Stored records
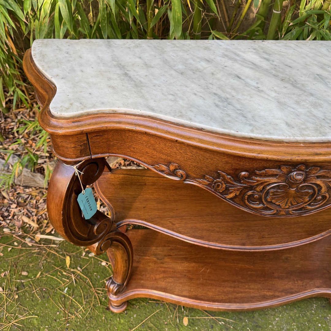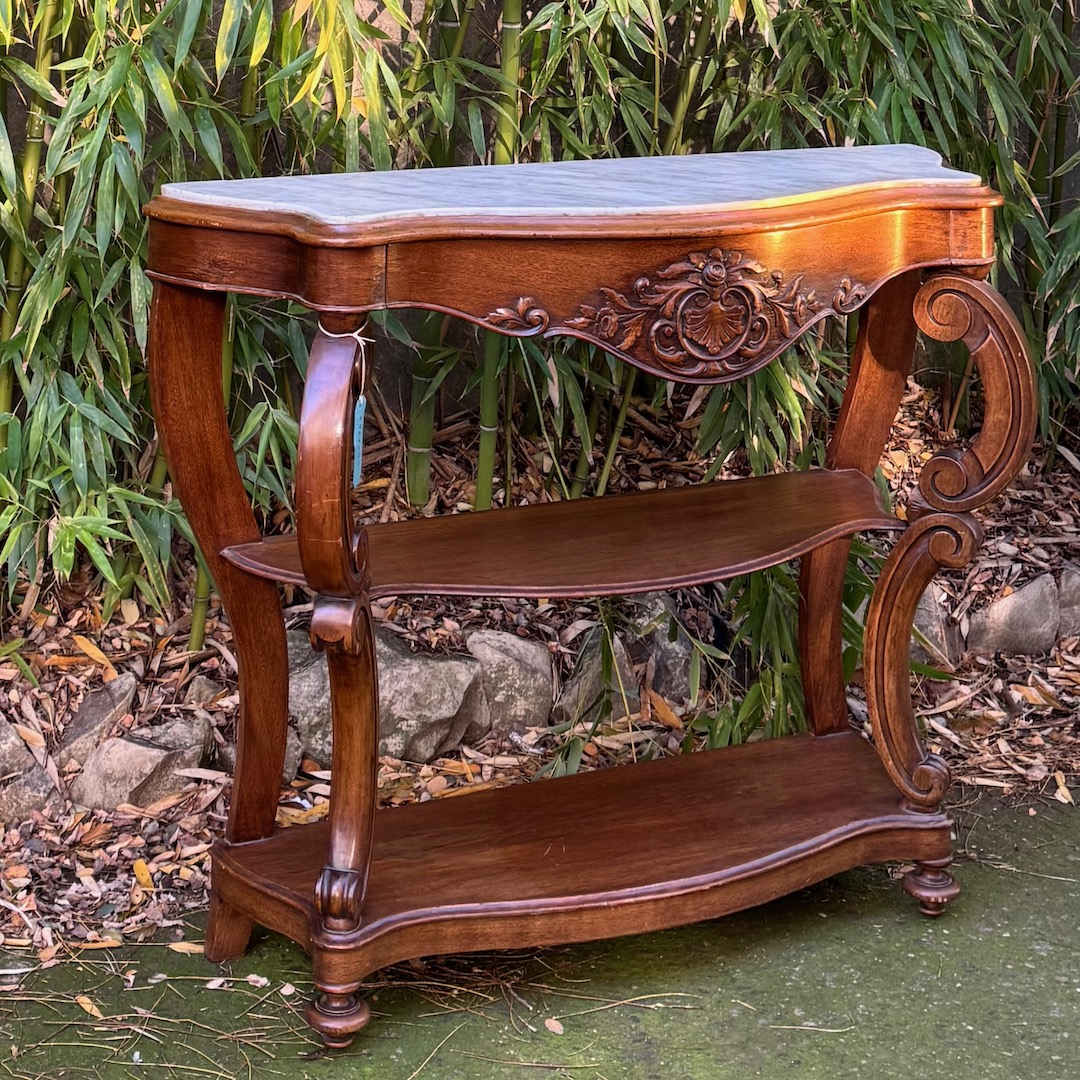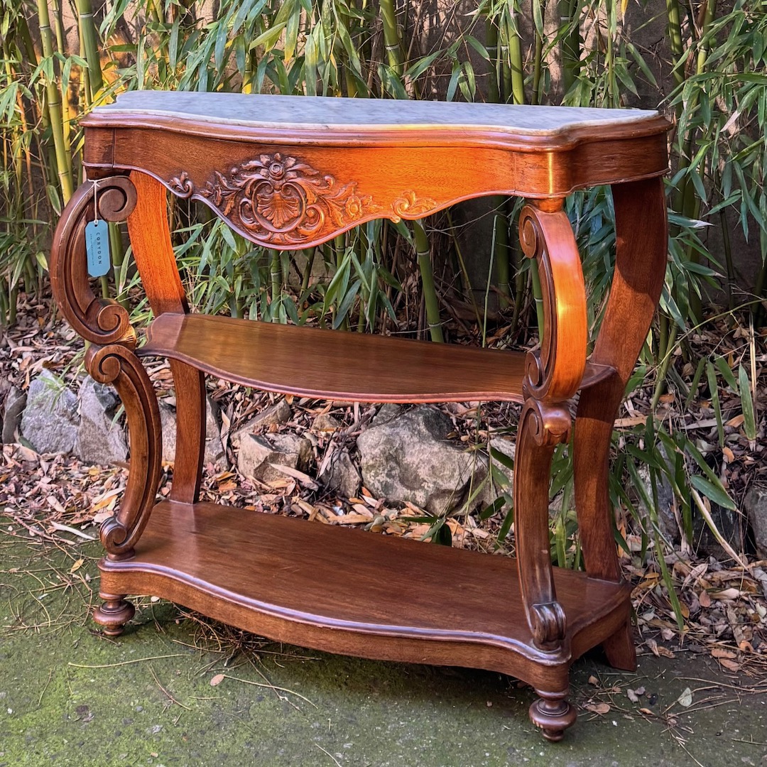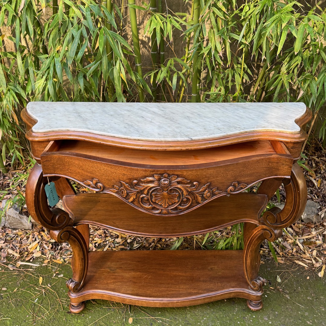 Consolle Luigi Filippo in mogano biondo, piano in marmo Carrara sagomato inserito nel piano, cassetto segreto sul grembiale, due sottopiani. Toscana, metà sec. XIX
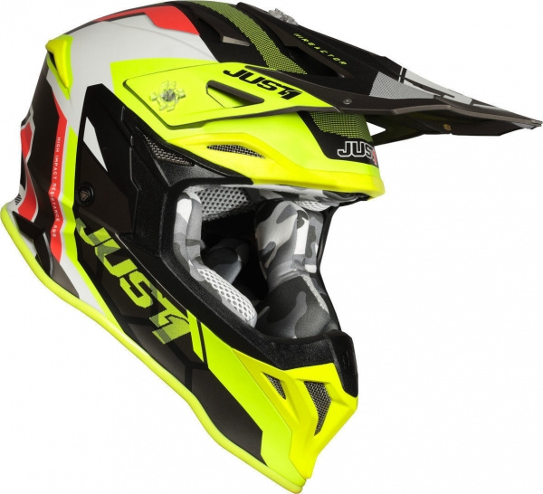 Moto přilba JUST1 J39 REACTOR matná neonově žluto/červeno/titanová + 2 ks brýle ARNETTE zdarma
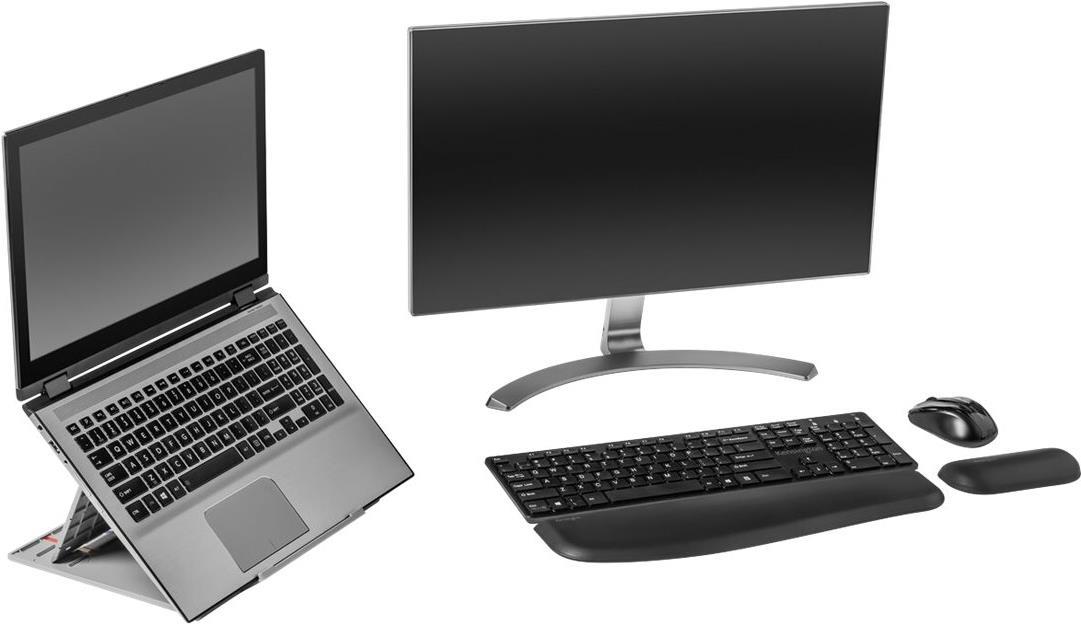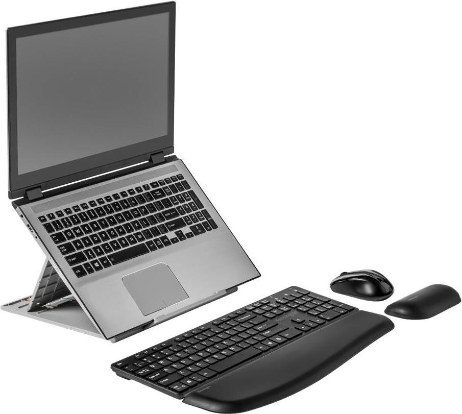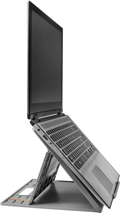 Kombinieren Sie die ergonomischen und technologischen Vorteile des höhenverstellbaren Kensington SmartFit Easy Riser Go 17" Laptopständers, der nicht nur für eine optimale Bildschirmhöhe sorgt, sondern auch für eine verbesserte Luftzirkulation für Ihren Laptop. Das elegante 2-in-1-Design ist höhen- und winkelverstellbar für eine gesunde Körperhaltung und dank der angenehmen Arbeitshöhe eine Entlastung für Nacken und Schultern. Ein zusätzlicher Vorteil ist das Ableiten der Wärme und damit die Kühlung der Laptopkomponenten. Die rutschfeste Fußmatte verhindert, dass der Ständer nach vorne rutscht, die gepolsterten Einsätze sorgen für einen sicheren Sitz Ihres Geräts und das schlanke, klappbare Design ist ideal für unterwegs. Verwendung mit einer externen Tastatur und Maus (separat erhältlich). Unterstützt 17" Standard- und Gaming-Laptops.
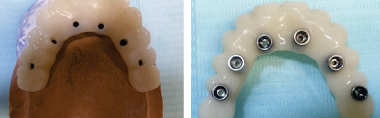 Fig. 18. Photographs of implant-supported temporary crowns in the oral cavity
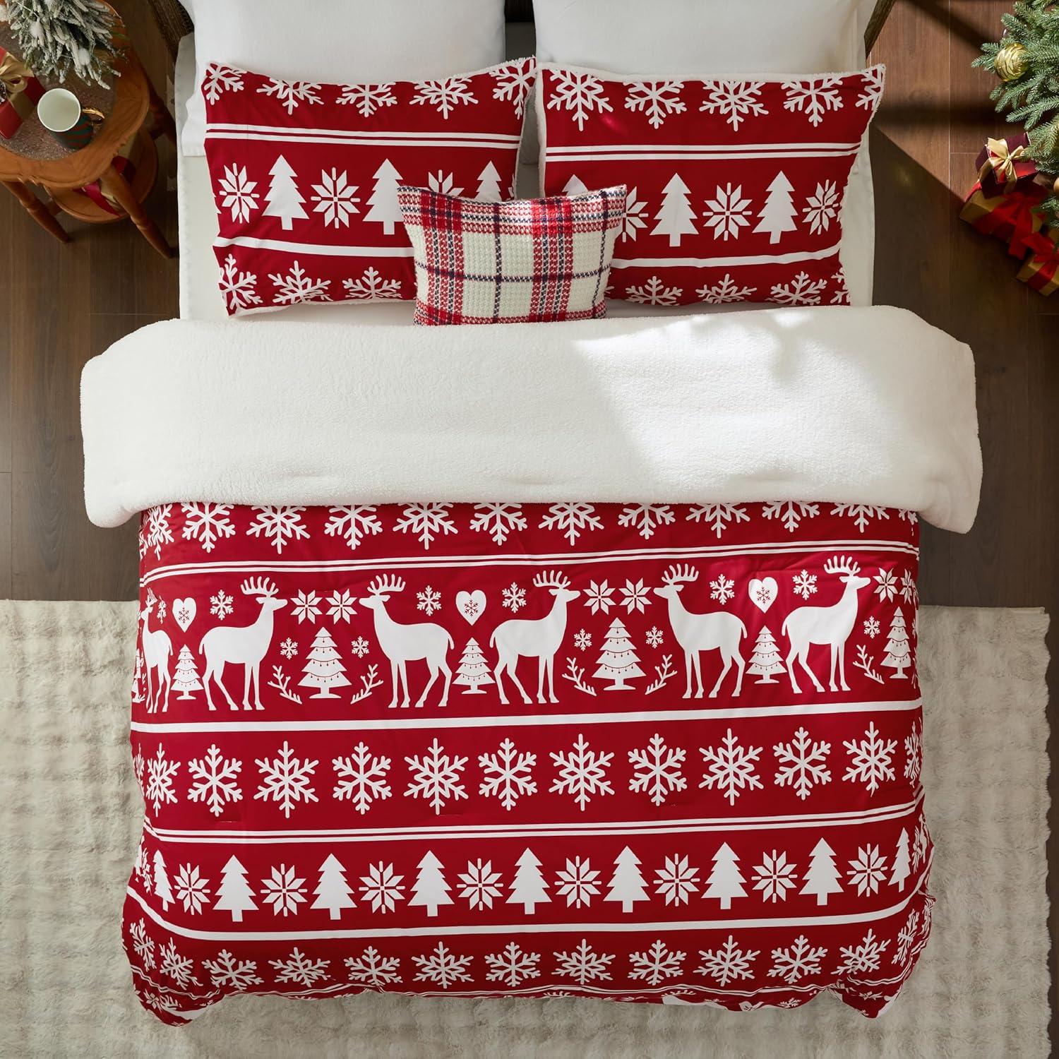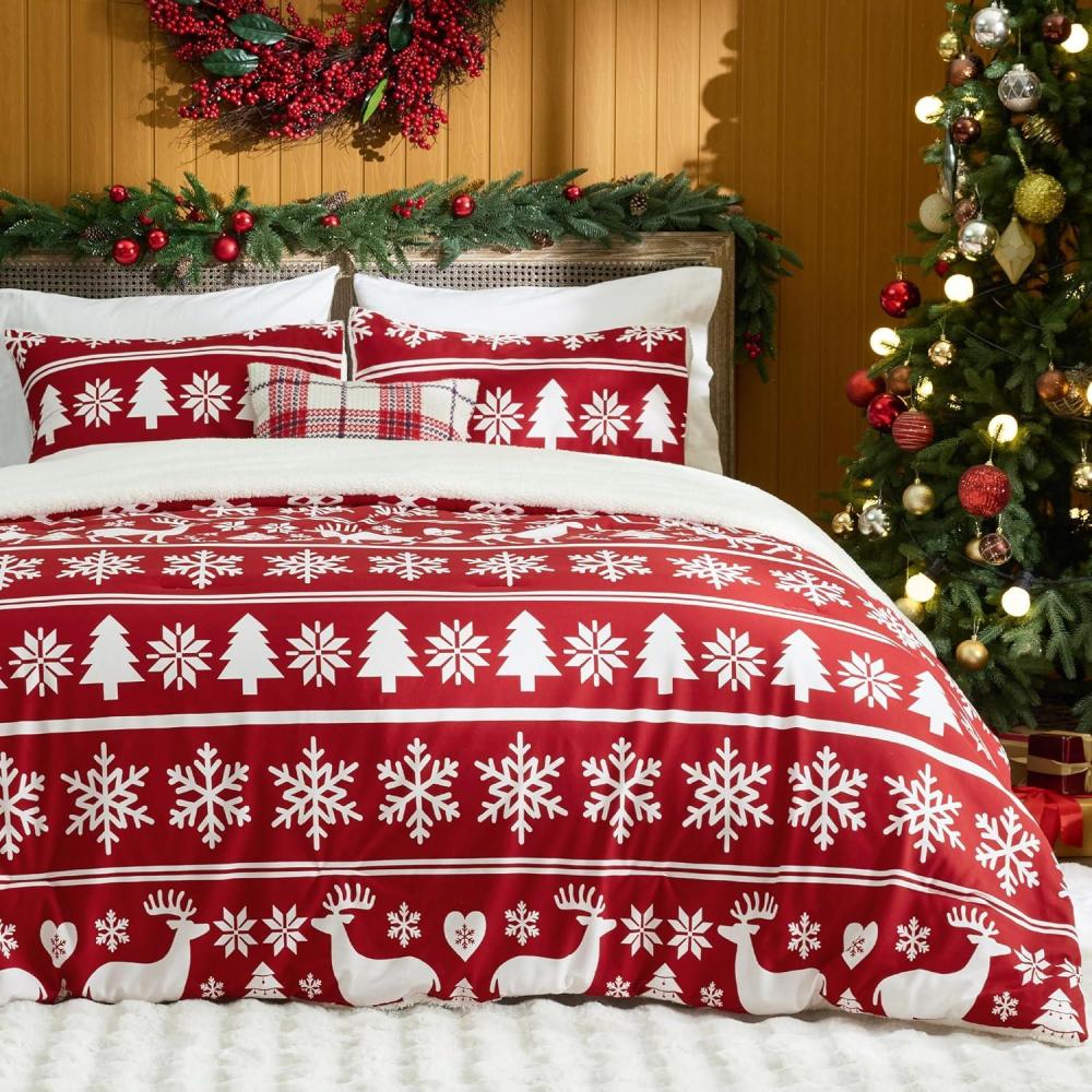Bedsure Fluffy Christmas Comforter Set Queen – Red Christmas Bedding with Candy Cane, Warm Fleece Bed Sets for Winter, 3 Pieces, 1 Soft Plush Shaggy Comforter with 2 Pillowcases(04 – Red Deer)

ACTIVITY ->
Print the records word for word and exclude any picture they hold.

RESPONSE ->
 Consolle Luigi Filippo in mogano biondo, piano in marmo Carrara sagomato inserito nel piano, cassetto segreto sul grembiale, due sottopiani. Toscana, metà sec. XIX
 Moto přilba JUST1 J39 REACTOR matná neonově žluto/červeno/titanová + 2 ks brýle ARNETTE zdarma
 Kombinieren Sie die ergonomischen und technologischen Vorteile des höhenverstellbaren Kensington SmartFit Easy Riser Go 17" Laptopständers, der nicht nur für eine optimale Bildschirmhöhe sorgt, sondern auch für eine verbesserte Luftzirkulation für Ihren Laptop. Das elegante 2-in-1-Design ist höhen- und winkelverstellbar für eine gesunde Körperhaltung und dank der angenehmen Arbeitshöhe eine Entlastung für Nacken und Schultern. Ein zusätzlicher Vorteil ist das Ableiten der Wärme und damit die Kühlung der Laptopkomponenten. Die rutschfeste Fußmatte verhindert, dass der Ständer nach vorne rutscht, die gepolsterten Einsätze sorgen für einen sicheren Sitz Ihres Geräts und das schlanke, klappbare Design ist ideal für unterwegs. Verwendung mit einer externen Tastatur und Maus (separat erhältlich). Unterstützt 17" Standard- und Gaming-Laptops.
 Fig. 18. Photographs of implant-supported temporary crowns in the oral cavity
Bedsure Fluffy Christmas Comforter Set Queen – Red Christmas Bedding with Candy Cane, Warm Fleece Bed Sets for Winter, 3 Pieces, 1 Soft Plush Shaggy Comforter with 2 Pillowcases(04 – Red Deer)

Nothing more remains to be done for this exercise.